A flow chart for a comprehensive redifferentiation protocol. The pre-redifferentiation work-up includes (1) evaluation of the metastatic disease pattern and volume with functional/anatomic imaging, (2) Tg panel, (3) genomic and molecular profiling, and (4) determination of the clinically appropriate redifferentiation agent(s). Pre-redifferentiation work-up is completed 3–6 weeks prior to committing the redifferentiation drug therapy. The evaluation for RAI-refractory disease is performed by using I-124 PET/CT imaging. Preparation for imaging involves TSH stimulation. This can be performed with the rhTSH or withdrawal protocol. In the latter, the patients receive rhTSH injections on the first two days of the week block. I-124, 1–2 mCi, is administered on the third day. A complete image data set includes 3-day imaging for determination of cumulated activity (lesional and whole-body/bone marrow) and established MIRD voxel dosimetry. Each imaging time point also provides additional technical information (2–4 h imaging for calibration, 24 h imaging for conventional uptake determination, and 48 h is for SUV-based single-time-point predictive dosimetry). The patients then start the redifferentiation drug therapy. An evaluation of redifferentiation is performed in the fifth week block. This, essentially, is similar to I-124 imaging and the dosimetry protocol used prior to initiating the redifferentiation treatment. A decision to proceed with an anticipated RAI therapy is made at the end of this week. The TSH induction protocol is kept consistent for imaging and therapy interventions. With the rhTSH choice, the patients receive rhTSH injections on the first two days of the sixth week block. The RAI therapy is administered on the third day of the protocol week.
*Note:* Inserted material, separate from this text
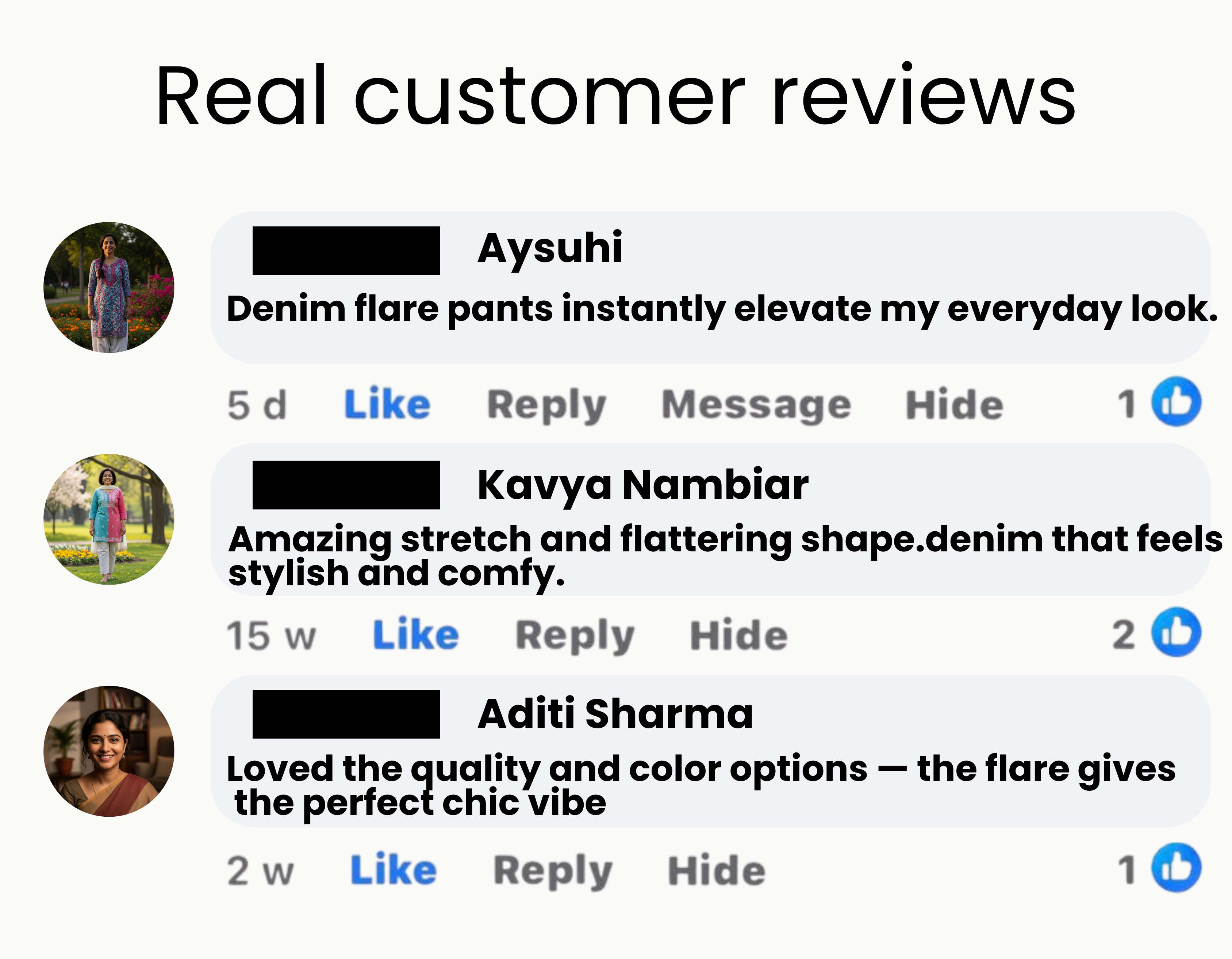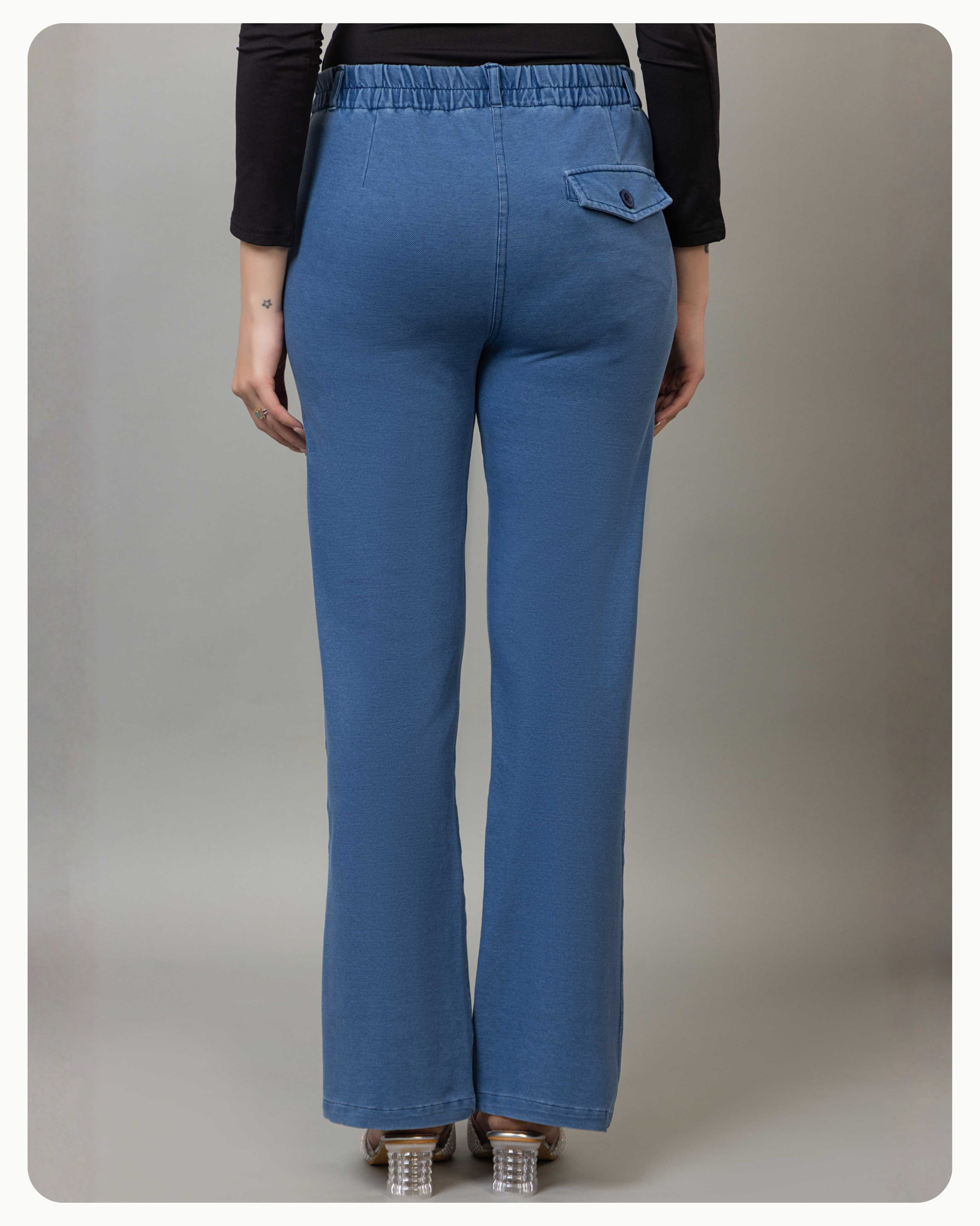 Blue denim bootcut flare pants by Mlada - Where style meets comforts! High-quality, trendy, and available in all sizes with free delivery and no cost COD. Elevate your wardrobe with these timeless, fancy women denim bootcut flare pants. Crafted in-house with ethical practices, these bootcut flare pants embody our commitment to quality, comfort, and enduring style. Join us in redefining fashion with a purpose. We also have generic women pants and plus size women pants too.
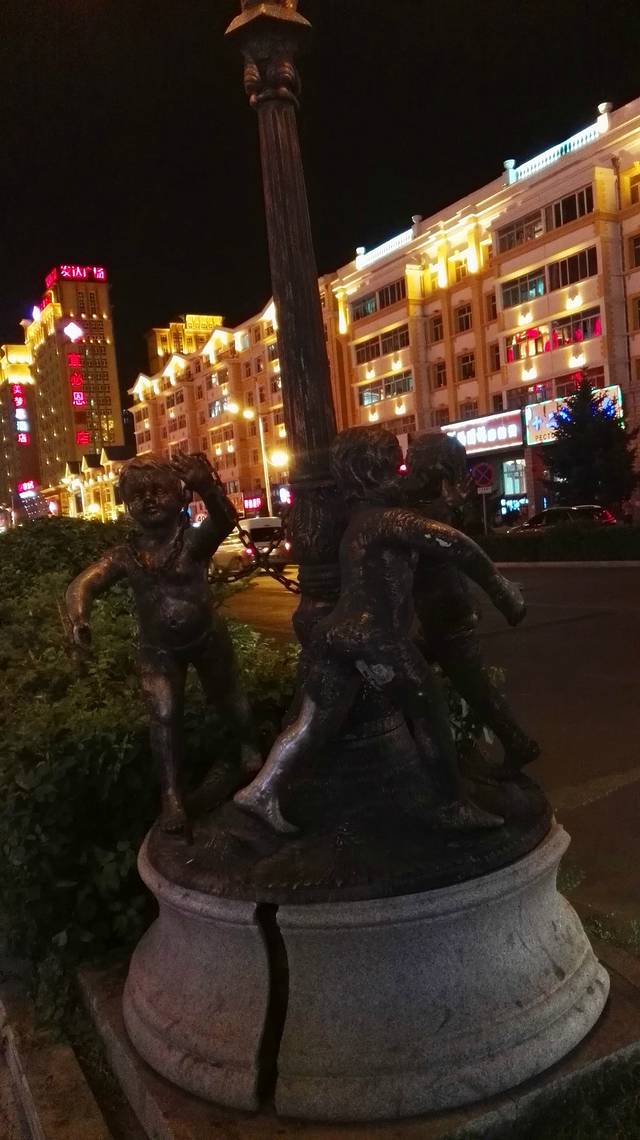夜晚的满洲里街,灯火通明。

The administered activity is determined by institutional preferences, typically in the range of 150–300 mCi I-131. The conventional post-treatment RAI scan, whole-body, and SPECT scan are performed on day 7 of the RAI administration. A 48 hour imaging is helpful for validation of pretreatment dosimetric evaluation. The restaging work-up is performed 3–6 m post-RAI-treatment and includes functional and anatomic imaging as well as the Tg panel.